> ASSIGNMENT: Exact repetition of a range: find the line containing "Extra seasonal resources" and the line containing "We expect to" in the material below, then repeat both and all lines between them, leaving pictures out.

> DATA SHOWN:

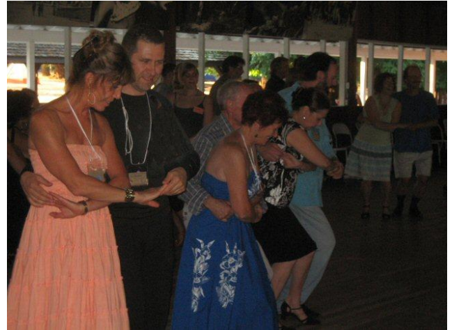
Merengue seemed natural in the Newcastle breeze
---
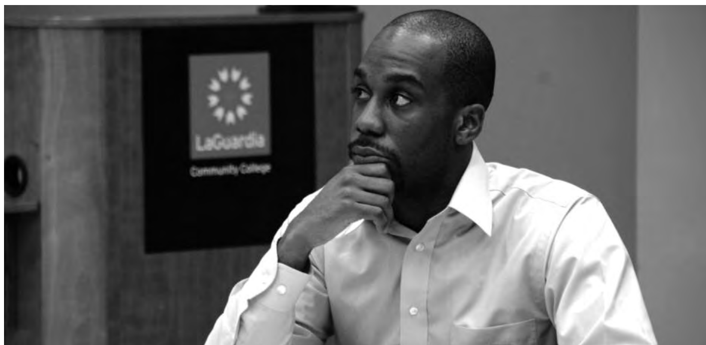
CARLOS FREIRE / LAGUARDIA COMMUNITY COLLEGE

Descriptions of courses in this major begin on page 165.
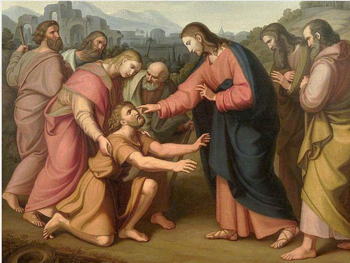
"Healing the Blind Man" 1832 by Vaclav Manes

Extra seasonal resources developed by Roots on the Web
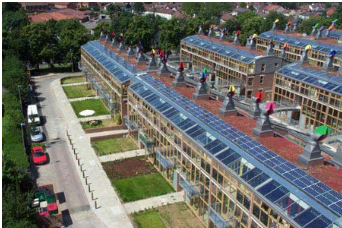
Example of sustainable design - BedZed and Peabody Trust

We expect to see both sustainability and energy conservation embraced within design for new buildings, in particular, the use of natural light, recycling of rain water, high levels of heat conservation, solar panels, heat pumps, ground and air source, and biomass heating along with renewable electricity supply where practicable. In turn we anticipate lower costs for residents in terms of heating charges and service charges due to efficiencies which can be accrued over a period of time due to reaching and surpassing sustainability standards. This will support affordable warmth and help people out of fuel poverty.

> SOLVED PROBLEM:
Extra seasonal resources developed by Roots on the Web
Example of sustainable design - BedZed and Peabody Trust

We expect to see both sustainability and energy conservation embraced within design for new buildings, in particular, the use of natural light, recycling of rain water, high levels of heat conservation, solar panels, heat pumps, ground and air source, and biomass heating along with renewable electricity supply where practicable. In turn we anticipate lower costs for residents in terms of heating charges and service charges due to efficiencies which can be accrued over a period of time due to reaching and surpassing sustainability standards. This will support affordable warmth and help people out of fuel poverty.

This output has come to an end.